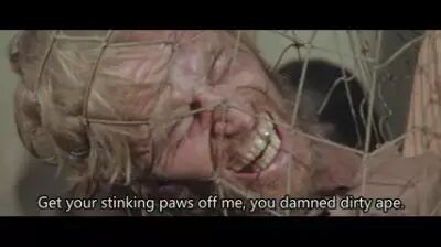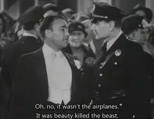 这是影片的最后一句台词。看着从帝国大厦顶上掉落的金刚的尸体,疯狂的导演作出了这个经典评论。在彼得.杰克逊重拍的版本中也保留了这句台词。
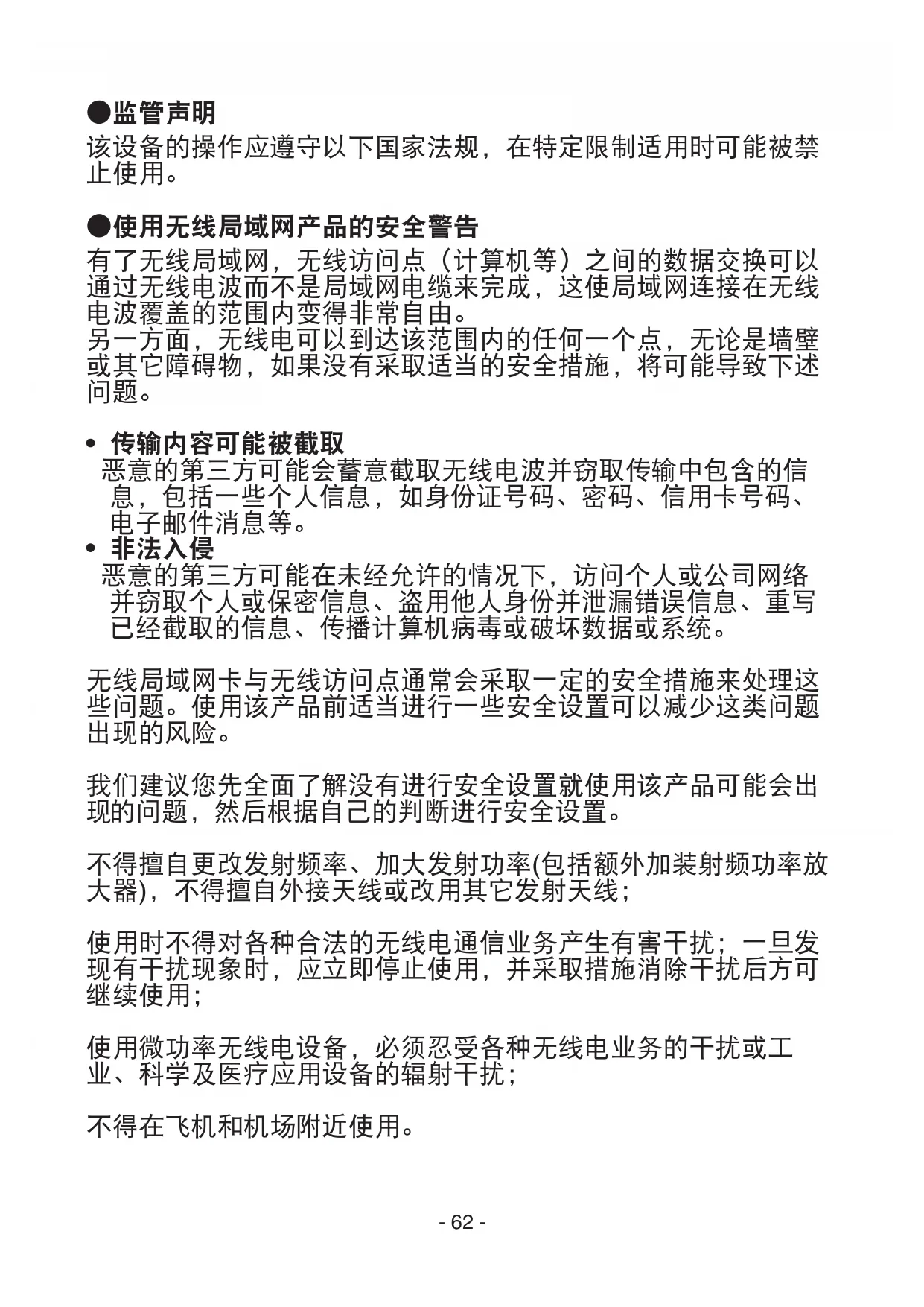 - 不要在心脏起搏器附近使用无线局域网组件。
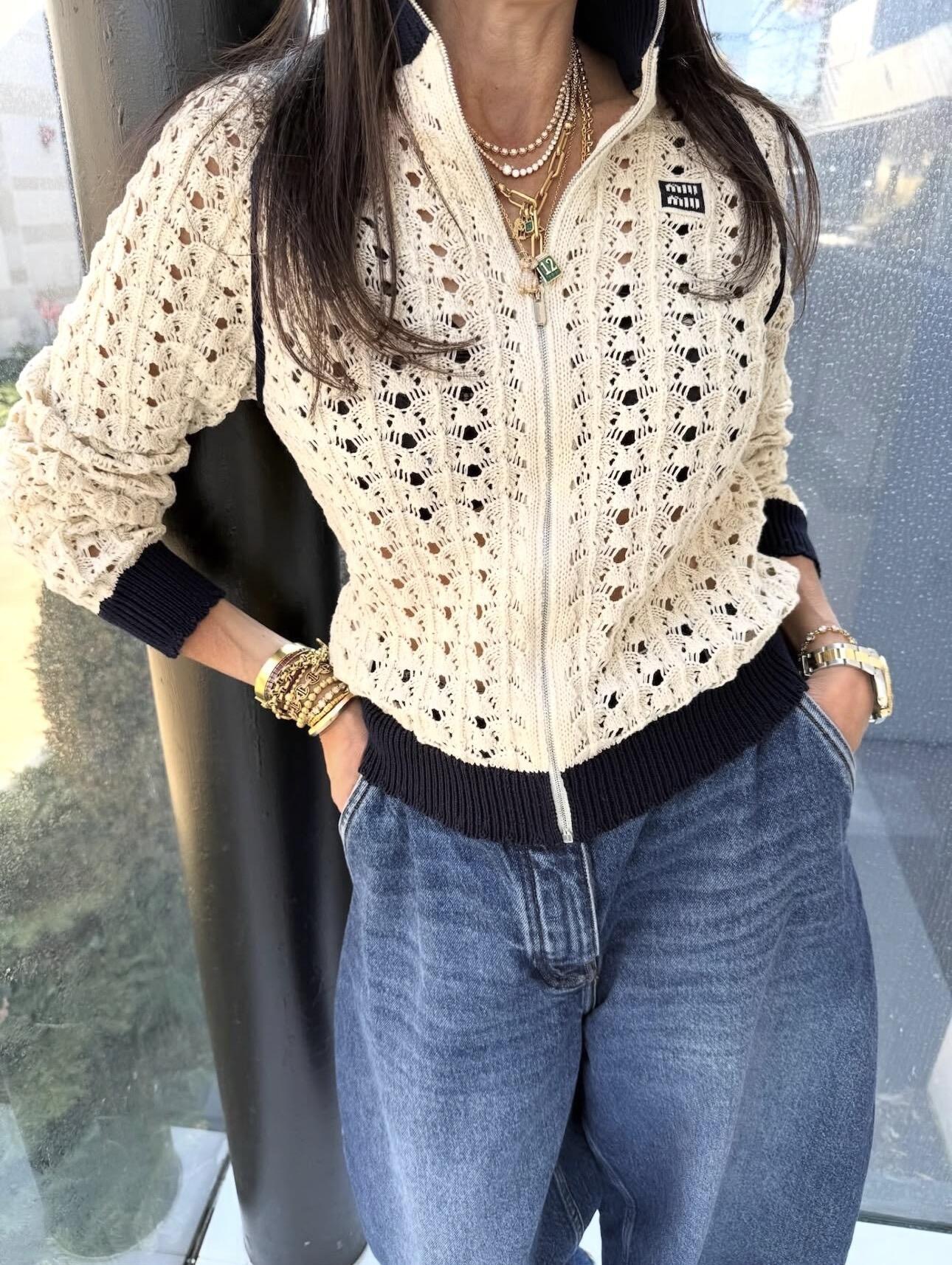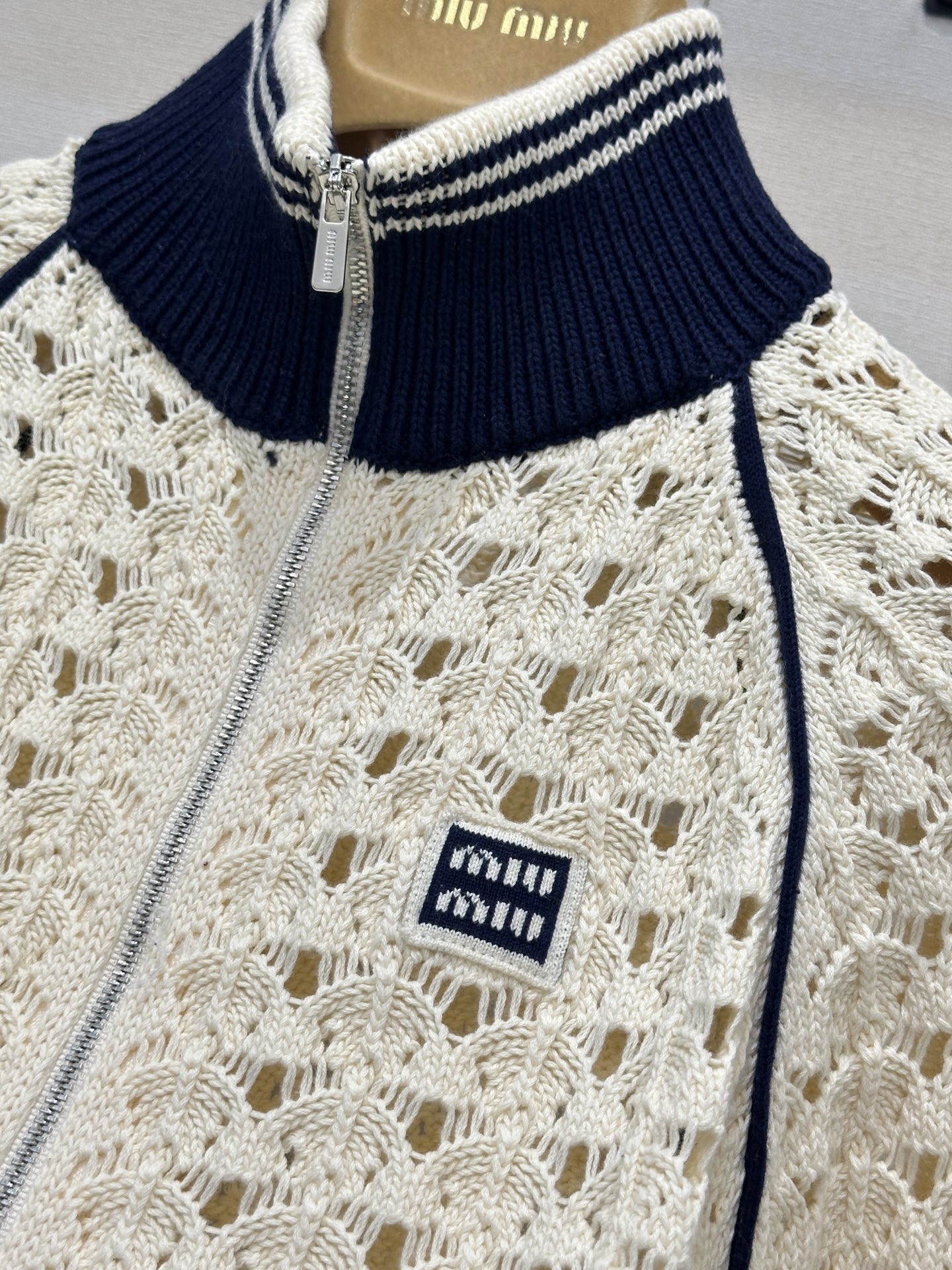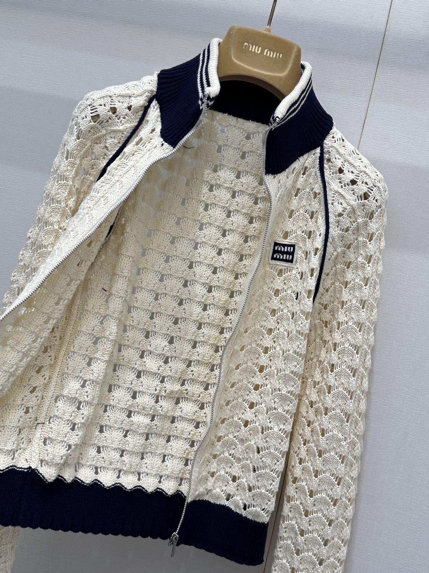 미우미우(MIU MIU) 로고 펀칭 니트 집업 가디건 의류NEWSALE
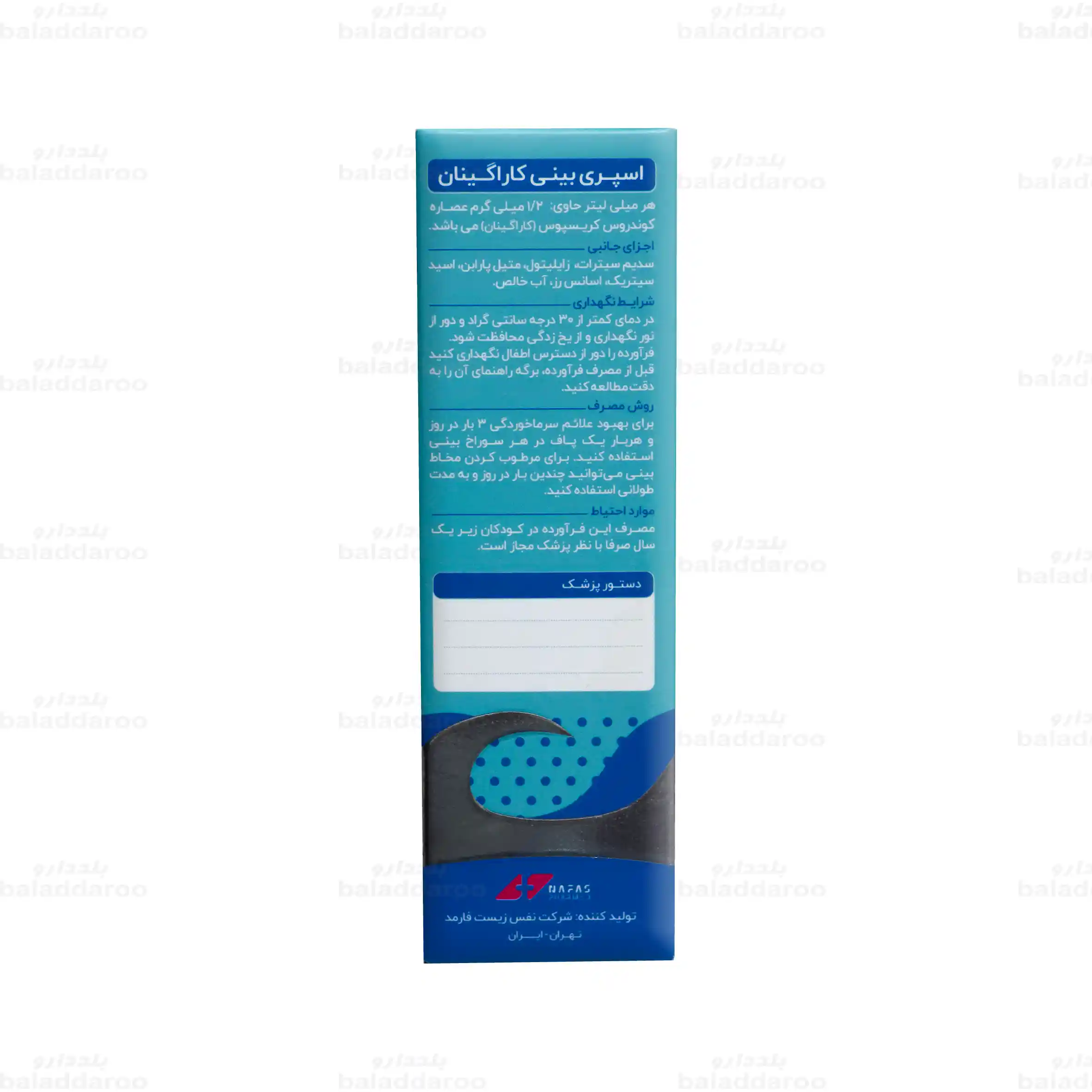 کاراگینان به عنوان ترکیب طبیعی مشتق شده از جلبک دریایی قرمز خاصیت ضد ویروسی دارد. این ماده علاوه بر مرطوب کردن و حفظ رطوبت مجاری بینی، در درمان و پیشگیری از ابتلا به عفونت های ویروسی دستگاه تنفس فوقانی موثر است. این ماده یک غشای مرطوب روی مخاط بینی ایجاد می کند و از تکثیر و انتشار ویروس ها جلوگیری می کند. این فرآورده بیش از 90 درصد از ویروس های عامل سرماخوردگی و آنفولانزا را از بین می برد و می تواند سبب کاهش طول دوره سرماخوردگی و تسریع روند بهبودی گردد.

####

**What you will do**
When you copy the lines above, drop the pictures and keep everything else exact.

**Response for this exercise**
 这是影片的最后一句台词。看着从帝国大厦顶上掉落的金刚的尸体,疯狂的导演作出了这个经典评论。在彼得.杰克逊重拍的版本中也保留了这句台词。
 - 不要在心脏起搏器附近使用无线局域网组件。
 미우미우(MIU MIU) 로고 펀칭 니트 집업 가디건 의류NEWSALE
 کاراگینان به عنوان ترکیب طبیعی مشتق شده از جلبک دریایی قرمز خاصیت ضد ویروسی دارد. این ماده علاوه بر مرطوب کردن و حفظ رطوبت مجاری بینی، در درمان و پیشگیری از ابتلا به عفونت های ویروسی دستگاه تنفس فوقانی موثر است. این ماده یک غشای مرطوب روی مخاط بینی ایجاد می کند و از تکثیر و انتشار ویروس ها جلوگیری می کند. این فرآورده بیش از 90 درصد از ویروس های عامل سرماخوردگی و آنفولانزا را از بین می برد و می تواند سبب کاهش طول دوره سرماخوردگی و تسریع روند بهبودی گردد.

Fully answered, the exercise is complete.